Guadalupe: Wedding Day

Newlyweds emerge from the cathedral

If you like religious art, the Ex-Convento de Guadalupe is the place to go. It’s a 30-minute bus ride from Plaza Bicentenario in Zacatecas. Bus fare is 5.5 pesos (39 US cents), and admission to the museum is 41 pesos (not quite US $3). You can sail through the museum and give everything a cursory once-over, or you can examine each painting and artifact carefully and spend hours in the place. The choice is yours.
Somewhere on the second floor, I am surprised by a sudden blast of mariachi music—live music. There is a little glassed-in alcove where I can look into the cathedral, and I see a wedding in progress. When I finish my tour of the museum, I decide to stick around for the end of the wedding. Maybe I can get a few photographs.
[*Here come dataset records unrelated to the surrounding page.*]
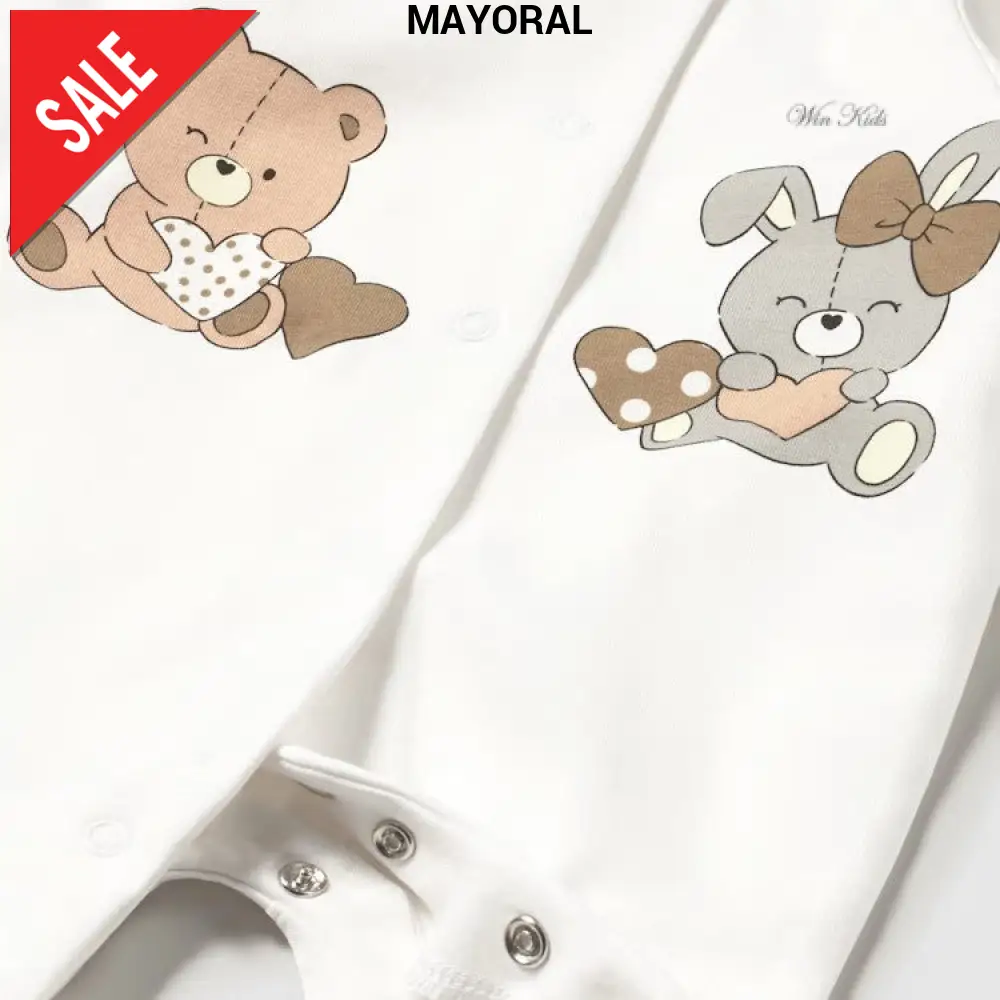 Tutine MAYORAL in cotone con chiusura con clips sul davanti , uno in tessuto a fantasia orsetti e l altra con orsetta e coniglietta spampate.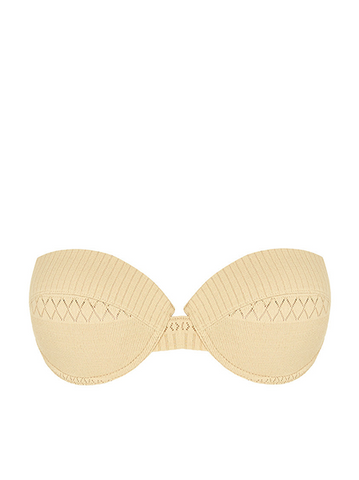 This textured cream sheer swim fabric has a 3D horizontal design and is complimented with a nude lining.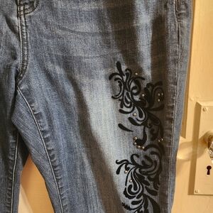 Step into style with these DC Jeans from Penningtons, originally $75, in a flattering 18P (Petite Plus) fit. These medium-wash jeans feature bold black velvet floral embroidery and studded accents, blending timeless denim with trendy Y2K revival and soft grunge aesthetics. Perfect for Fall/Winter 2025, pair them with chunky boots, cozy sweaters, or a layered shacket for that effortless cozy chic vibe.
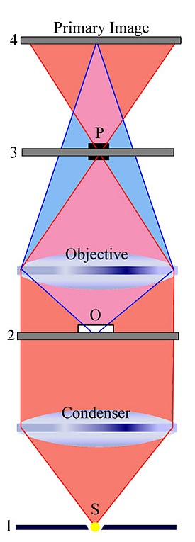 Для получения фазовоконтрастного изображения свет от источника разбивается на два когерентных световых луча, один из них называют опорным, другой предметным, которые проходят разные оптические пути. Микроскоп юстируют таким образом, чтобы в фокальной плоскости, где формируется изображение, интерференция между этими двумя лучами гасила бы их.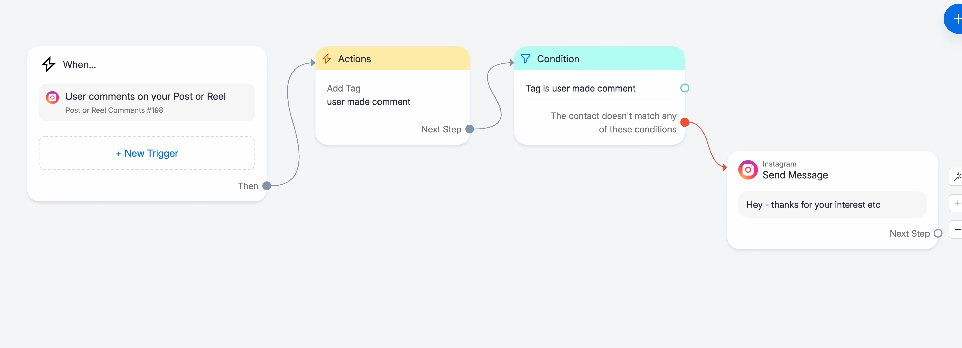 This will filter out those who have commented before and nothing more will happen, but those who haven’t commented, (the red line), will receive your Welcome message. Beware though of two things: firstly once this is live, it will only tag going forward, not anyone who has commented historically, and secondly, users may not be expecting a DM from you just from their comment (unless this is made obvious in the content) so it ‘could’ add a little friction (but much less from them receiving a DM from every comment!)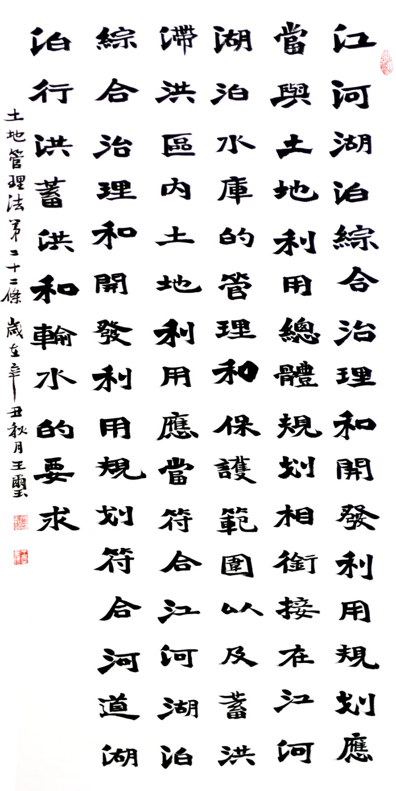 繼1600余位書法家參與書寫《中華人民共和國民法典》全部1260條法條之后,法治日報社聯(lián)合自然資源部法規(guī)司、自然資源部書畫研究會和北京昌平書法家協(xié)會,將筆端對準(zhǔn)土地管理“一法一條例”,即《中華人民共和國土地管理法》和《中華人民共和國土地管理法實(shí)施條例》。

In blue jeans and sneakers, I am hardly dressed for a wedding. I feel like I’m living the biblical parable about the guy who shows up at a wedding without the proper attire. The king is offended, and orders the intruder to be thrown out into the darkness where “there shall be weeping and gnashing of teeth.” (You can read the story in Matthew 22.)
I hover near the entrance to the cathedral for at least 45 minutes, waiting for the wedding to end. No one asks me to leave, so I stay, and snap photo after photo, and I give thanks once again for the multitude of ways the people of Mexico welcome strangers into their midst.